[[ RECORDS SHOWN, beginning ]]
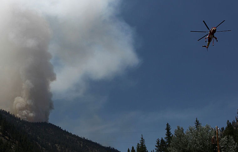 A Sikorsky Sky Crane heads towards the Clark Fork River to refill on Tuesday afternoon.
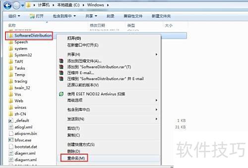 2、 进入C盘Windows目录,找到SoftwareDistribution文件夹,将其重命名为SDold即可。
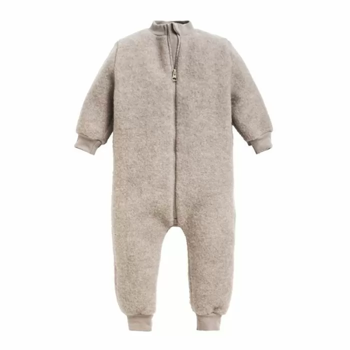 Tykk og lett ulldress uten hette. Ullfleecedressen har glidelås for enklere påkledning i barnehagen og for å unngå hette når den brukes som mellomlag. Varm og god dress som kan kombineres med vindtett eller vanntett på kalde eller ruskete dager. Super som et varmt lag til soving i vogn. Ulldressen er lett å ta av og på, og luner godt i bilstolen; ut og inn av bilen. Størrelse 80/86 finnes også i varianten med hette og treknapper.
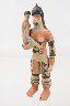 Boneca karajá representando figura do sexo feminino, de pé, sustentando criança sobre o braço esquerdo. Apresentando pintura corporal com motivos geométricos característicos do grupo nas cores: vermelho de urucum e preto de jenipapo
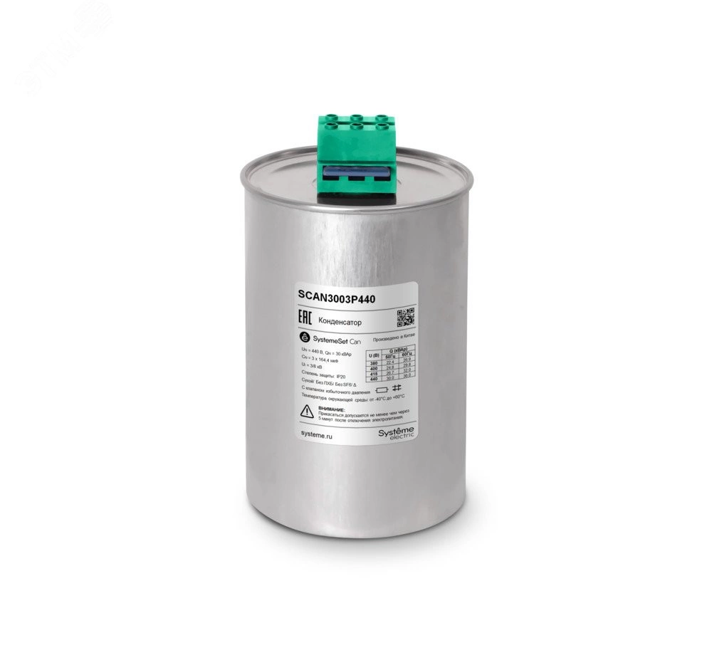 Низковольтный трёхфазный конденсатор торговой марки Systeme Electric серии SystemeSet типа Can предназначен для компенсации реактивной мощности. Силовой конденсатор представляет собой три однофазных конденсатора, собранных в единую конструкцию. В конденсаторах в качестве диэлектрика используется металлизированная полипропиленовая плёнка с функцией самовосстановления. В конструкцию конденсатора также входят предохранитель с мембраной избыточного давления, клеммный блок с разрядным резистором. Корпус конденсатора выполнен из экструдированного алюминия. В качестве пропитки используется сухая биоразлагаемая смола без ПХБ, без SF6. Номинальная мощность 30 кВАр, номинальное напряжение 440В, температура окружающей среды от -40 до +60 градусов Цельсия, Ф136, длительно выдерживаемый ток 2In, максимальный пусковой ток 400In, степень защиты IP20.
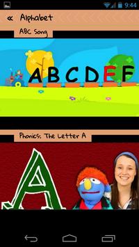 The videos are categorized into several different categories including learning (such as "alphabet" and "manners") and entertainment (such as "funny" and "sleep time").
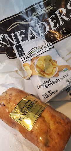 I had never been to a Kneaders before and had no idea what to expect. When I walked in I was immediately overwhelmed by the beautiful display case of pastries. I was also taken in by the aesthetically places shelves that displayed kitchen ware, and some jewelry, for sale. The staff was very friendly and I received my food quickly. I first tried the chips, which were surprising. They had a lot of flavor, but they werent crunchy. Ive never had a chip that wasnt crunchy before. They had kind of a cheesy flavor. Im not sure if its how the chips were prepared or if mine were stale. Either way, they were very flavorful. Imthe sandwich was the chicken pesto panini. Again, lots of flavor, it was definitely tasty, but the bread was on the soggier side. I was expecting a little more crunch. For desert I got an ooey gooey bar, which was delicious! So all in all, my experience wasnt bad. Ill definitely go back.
[[ RECORDS SHOWN, end ]]
#### WORK INSTRUCTIONS:
Leave out the pictures and return every record word for word.

#### YOUR SOLUTION:
 A Sikorsky Sky Crane heads towards the Clark Fork River to refill on Tuesday afternoon.
 2、 进入C盘Windows目录,找到SoftwareDistribution文件夹,将其重命名为SDold即可。
 Tykk og lett ulldress uten hette. Ullfleecedressen har glidelås for enklere påkledning i barnehagen og for å unngå hette når den brukes som mellomlag. Varm og god dress som kan kombineres med vindtett eller vanntett på kalde eller ruskete dager. Super som et varmt lag til soving i vogn. Ulldressen er lett å ta av og på, og luner godt i bilstolen; ut og inn av bilen. Størrelse 80/86 finnes også i varianten med hette og treknapper.
 Boneca karajá representando figura do sexo feminino, de pé, sustentando criança sobre o braço esquerdo. Apresentando pintura corporal com motivos geométricos característicos do grupo nas cores: vermelho de urucum e preto de jenipapo
 Низковольтный трёхфазный конденсатор торговой марки Systeme Electric серии SystemeSet типа Can предназначен для компенсации реактивной мощности. Силовой конденсатор представляет собой три однофазных конденсатора, собранных в единую конструкцию. В конденсаторах в качестве диэлектрика используется металлизированная полипропиленовая плёнка с функцией самовосстановления. В конструкцию конденсатора также входят предохранитель с мембраной избыточного давления, клеммный блок с разрядным резистором. Корпус конденсатора выполнен из экструдированного алюминия. В качестве пропитки используется сухая биоразлагаемая смола без ПХБ, без SF6. Номинальная мощность 30 кВАр, номинальное напряжение 440В, температура окружающей среды от -40 до +60 градусов Цельсия, Ф136, длительно выдерживаемый ток 2In, максимальный пусковой ток 400In, степень защиты IP20.
 The videos are categorized into several different categories including learning (such as "alphabet" and "manners") and entertainment (such as "funny" and "sleep time").
 I had never been to a Kneaders before and had no idea what to expect. When I walked in I was immediately overwhelmed by the beautiful display case of pastries. I was also taken in by the aesthetically places shelves that displayed kitchen ware, and some jewelry, for sale. The staff was very friendly and I received my food quickly. I first tried the chips, which were surprising. They had a lot of flavor, but they werent crunchy. Ive never had a chip that wasnt crunchy before. They had kind of a cheesy flavor. Im not sure if its how the chips were prepared or if mine were stale. Either way, they were very flavorful. Imthe sandwich was the chicken pesto panini. Again, lots of flavor, it was definitely tasty, but the bread was on the soggier side. I was expecting a little more crunch. For desert I got an ooey gooey bar, which was delicious! So all in all, my experience wasnt bad. Ill definitely go back.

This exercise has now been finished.